Vortex AGI Tutorials - Visual vs Priority
You probably recall that earlier I mentioned that AGI picture resources include two very important parts, the visual background and the priority background. So far, we have been working with the visual background. However, in order for your game to look 3D, you must have a priority background as well. The priority background consists of two parts: control lines and priority bands.
Control lines are used to tell the computer where characters are able to walk and where there are obstacles, such as walls, furniture, trees, or whatever else might prevent characters from being in a certain area.
On the priority screen, the first four colors (0 - 3) have special meanings.
- 0 (black) - Unconditional barrier. No object is ever allowed to be on parts of the screen with a pixel of this color in the priority screen.
- 1 (dark blue) - Conditional barrier. Objects are not normally allowed to be on a conditional barrier, unless the ignore.blocks command is used to allow them to do so. (more on the ignore.blocks commands in the logic section)
- 2 (dark green) - Signal barrier. This can be used to test if a character is walking in a certain place. Particularly useful for doors, or edges of cliffs, etc. Wherever something will happen when a character walks over that place.
- 3 (dark cyan) - Signifies water. Parts of the priority screen which are not color 3 are considered to be land. Color 3 can also be used to represent some other surface such as ice, lava, sand, a slippery floor, or whatever you need for that particular room.
Using these four colors, you should be able to effectively control where a character or object can be.
The AGI screen is divided vertically into 12 priority bands (colors 4 - 15). Objects with a higher priority are displayed on top of objects with a lower priority. Different parts of a picture can also be given different priorities. So something in the far distance would have a priority of 4 (everything else would go on top of this) and something right at the front of the screen would have a priority of 15 (nothing will go on top of this except objects with a priority of 15).
In PicEdit, load picture.16. Press the TAB key to switch into priority mode. The visual background will disappear, and the priority background will be visible instead. The control lines are easily recognizable and the priority bands show up as colored shaded areas. Notice the value next to Pri: in the status bar at the top of the editor screen. This number represents the priority band that corresponds with the current Y-position. The best way to understand priority backgrounds is to look at several AGI games' picture resources and study their priority screens.

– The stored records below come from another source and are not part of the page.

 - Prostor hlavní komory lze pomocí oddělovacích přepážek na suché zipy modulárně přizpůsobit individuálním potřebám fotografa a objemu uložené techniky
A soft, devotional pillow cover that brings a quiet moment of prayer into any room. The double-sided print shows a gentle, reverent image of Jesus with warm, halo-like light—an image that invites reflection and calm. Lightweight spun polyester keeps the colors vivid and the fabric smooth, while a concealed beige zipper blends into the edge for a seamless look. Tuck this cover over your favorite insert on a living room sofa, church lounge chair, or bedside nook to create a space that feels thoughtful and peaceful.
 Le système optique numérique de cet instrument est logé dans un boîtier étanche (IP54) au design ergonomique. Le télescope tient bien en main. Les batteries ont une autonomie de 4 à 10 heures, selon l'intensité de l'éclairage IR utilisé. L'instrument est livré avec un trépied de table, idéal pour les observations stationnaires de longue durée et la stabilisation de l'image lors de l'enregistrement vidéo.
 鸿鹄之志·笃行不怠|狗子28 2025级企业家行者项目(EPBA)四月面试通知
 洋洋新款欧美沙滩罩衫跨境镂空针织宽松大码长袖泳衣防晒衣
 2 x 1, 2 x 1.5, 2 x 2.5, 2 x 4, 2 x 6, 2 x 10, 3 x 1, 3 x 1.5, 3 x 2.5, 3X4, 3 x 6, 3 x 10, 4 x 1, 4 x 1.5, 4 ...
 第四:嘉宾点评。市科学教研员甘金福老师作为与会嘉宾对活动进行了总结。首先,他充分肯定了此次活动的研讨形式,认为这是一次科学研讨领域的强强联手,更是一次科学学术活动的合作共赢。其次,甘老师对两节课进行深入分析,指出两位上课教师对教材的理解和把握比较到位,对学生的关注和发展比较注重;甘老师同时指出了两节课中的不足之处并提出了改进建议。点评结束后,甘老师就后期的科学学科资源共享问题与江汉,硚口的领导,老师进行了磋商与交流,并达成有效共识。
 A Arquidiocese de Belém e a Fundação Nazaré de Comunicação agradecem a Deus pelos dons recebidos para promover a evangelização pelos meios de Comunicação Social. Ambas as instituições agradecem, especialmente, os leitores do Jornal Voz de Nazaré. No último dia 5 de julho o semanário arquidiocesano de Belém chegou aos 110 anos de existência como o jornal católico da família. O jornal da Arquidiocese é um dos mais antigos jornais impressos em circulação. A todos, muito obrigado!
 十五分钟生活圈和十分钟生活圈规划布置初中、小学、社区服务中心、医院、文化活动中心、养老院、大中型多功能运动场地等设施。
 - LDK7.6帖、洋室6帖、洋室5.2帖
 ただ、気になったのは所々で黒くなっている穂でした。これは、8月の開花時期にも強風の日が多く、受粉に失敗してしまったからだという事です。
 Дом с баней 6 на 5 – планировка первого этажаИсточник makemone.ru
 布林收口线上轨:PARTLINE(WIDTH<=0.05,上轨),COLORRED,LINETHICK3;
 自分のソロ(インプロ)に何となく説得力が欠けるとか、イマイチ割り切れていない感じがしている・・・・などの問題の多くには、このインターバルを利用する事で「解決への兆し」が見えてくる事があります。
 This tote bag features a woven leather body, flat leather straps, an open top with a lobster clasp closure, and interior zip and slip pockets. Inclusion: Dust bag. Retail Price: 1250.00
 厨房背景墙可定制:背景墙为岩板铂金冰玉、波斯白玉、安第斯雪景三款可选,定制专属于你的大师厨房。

Control lines and priority bands are drawn in the same way as the visual background. In fact, you can draw your priority background at the same time you draw the visual. Simply right click on the priority color that you want to use before you draw the visual picture. Remember to click on the off button with the right mouse button when you want to work on the visual screen only, and with the left mouse button when you want to draw on the priority screen only. Hint: you can use the navigation buttons to go back and add priority bands and control lines as their visual counterparts are drawn.
Exercise 1.4 Priorities
Open PicEdit with Template.pcx as a background, then open the picture that you saved in the previous exercise. Using the template as a guide for your priority bands, draw the priority screen for your picture. Remember to save your work.